Für die Diagnose der Aufmerksamkeits- und Hyperaktivitätsstörung gibt es bisher keine Biomarker. Sie wird ausschließlich anhand psychiatrischer Untersuchungen erstellt und unterliegt damit auch der subjektiven Einschätzung durch den Kinder- und Jugendpsychiater. Wissenschaftler wollten nun zeigen, dass sich der Eisengehalt in bestimmten Hirnregionen dazu eignen könnte, gesunde Menschen von Menschen mit ADHS zu unterscheiden. Der Hintergrund: Wissenschaftler vermuten, dass ADHS entsteht, wenn dem Gehirn zu wenig Dopamin zur Verfügung steht. Außerdem ist bekannt, dass die Dopamin-Konzentration im Gehirn mit der Eisenkonzentration korreliert. Aufgrund dieser Erkenntnisse prüften die Forscher, ob sich die Menge an Eisen im Gehirn – und auch im Blut – als ADHS-Marker eignen könnte.
An der Studie nahmen zwölf Kinder und Jugendliche mit unbehandeltem ADHS, zehn ADHS-Patienten, die Ritalin erhielten und 27 gesunde Kontrollpersonen im Alter von 8 bis 18 Jahren teil.
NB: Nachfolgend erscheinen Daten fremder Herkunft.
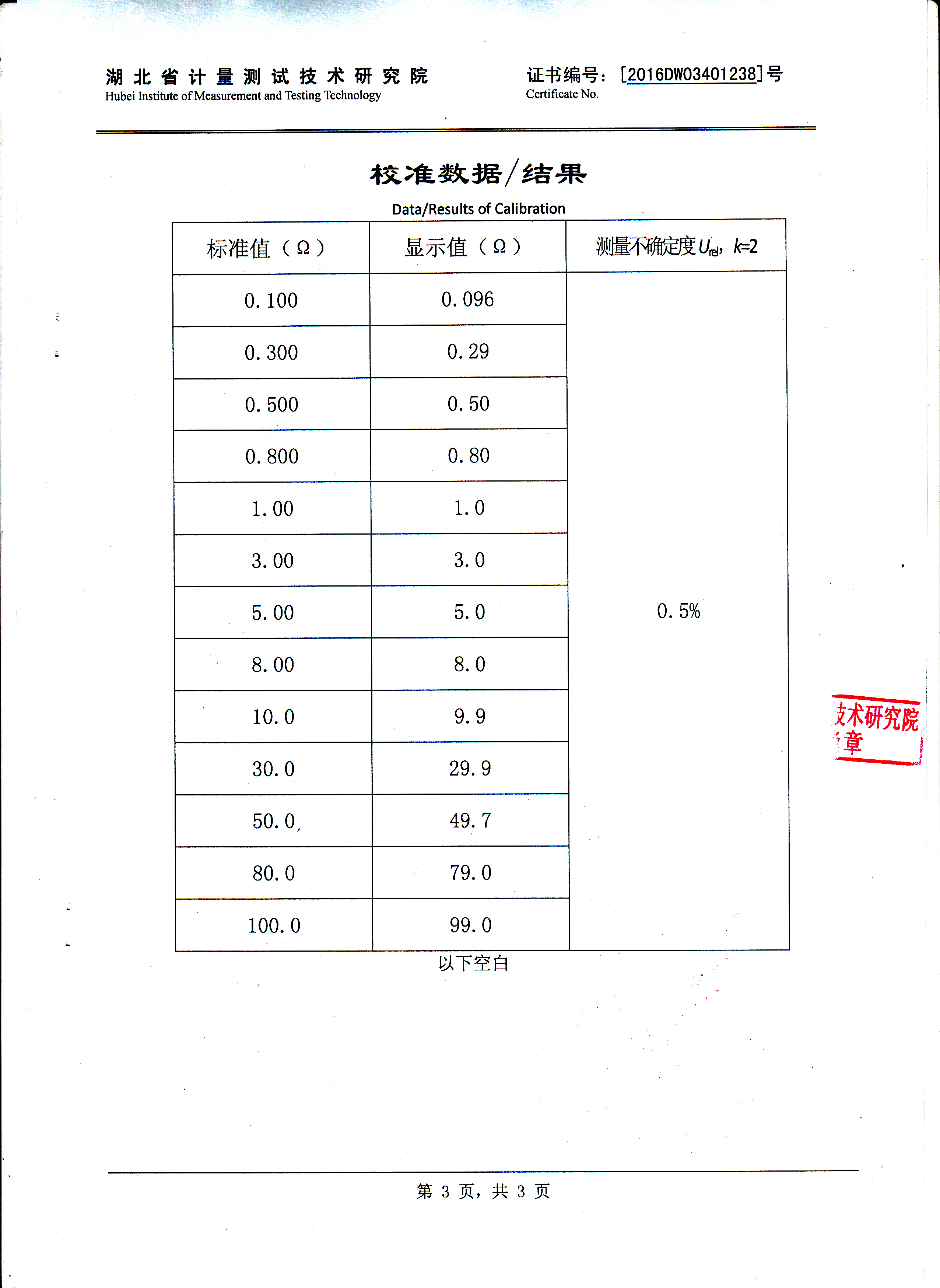 1.0Ω-49.9Ω 0.1Ω ±(1%+0.1Ω)

Bei allen Teilnehmern wurde der Eisengehalt im Gehirn mittels MRT gemessen. Zusätzlich ermittelten die Wissenschaftler auch den Eisengehalt im Blut der Studienteilnehmer. Wie erwartet, fanden die Forscher bei der Gruppe der nicht behandelten Kinder und Jugendlichen weniger Eisen im Gehirn als bei den behandelten Erkrankten und der Kontrollgruppe. Das war in allen vier gemessenen Hirnregionen (Globus pallidus, Nucleus caudatus, Putamen und Thalamus) der Fall. Die für die Messung der geringen Mengen an Eisen notwendige Technik ist relativ neu und wurde von den Co-Autoren der Studie Joseph Helpern und Jens Jenson im Jahr 2006 entwickelt.
Die tatsächliche Aussagekraft der Studienergebnisse bleibt zum jetzigen Zeitpunkt zweifelhaft. Bei einem Studienkollektiv von nur 49 Teilnehmern und einer breiten Altersverteilung zwischen acht und 18 Jahren ist die Wahrscheinlichkeit von Artefakten und Zufallsergebnissen signifikant hoch, etwa durch begleitende Eisenmangelanämien. Hinzu kommt, dass verschiedene Autoren zwar einen Zusammenhang zwischen der Eisen-Konzentration im Gehirn und der ADHS-Entstehung prognostizieren, die zugrundeliegenden Pathomechanismen jedoch nicht geklärt sind. Bis zum wissenschaftlich validierten Biomarker Eisen bei ADHS ist es also noch ein weiter Weg. Auch die Studienautoren bleiben deswegen vorsichtig: „Bei unserer Studie handelt es sich um erste Versuche in diese Richtung. Aufgrund von Untersuchungen an nur zwölf Patienten mit ADHS können wir natürlich noch keine allgemeingültigen Aussagen treffen. Dennoch legen unsere Ergebnisse nahe, dass Eisen ein wichtiger Biomarker für ADHS sein könnte“, so Adisetiyo. Grundsätzlich ist fraglich, ob es sich wegen der geringen Aussagekraft überhaupt lohnt, derart kleine Studien zu finanzieren.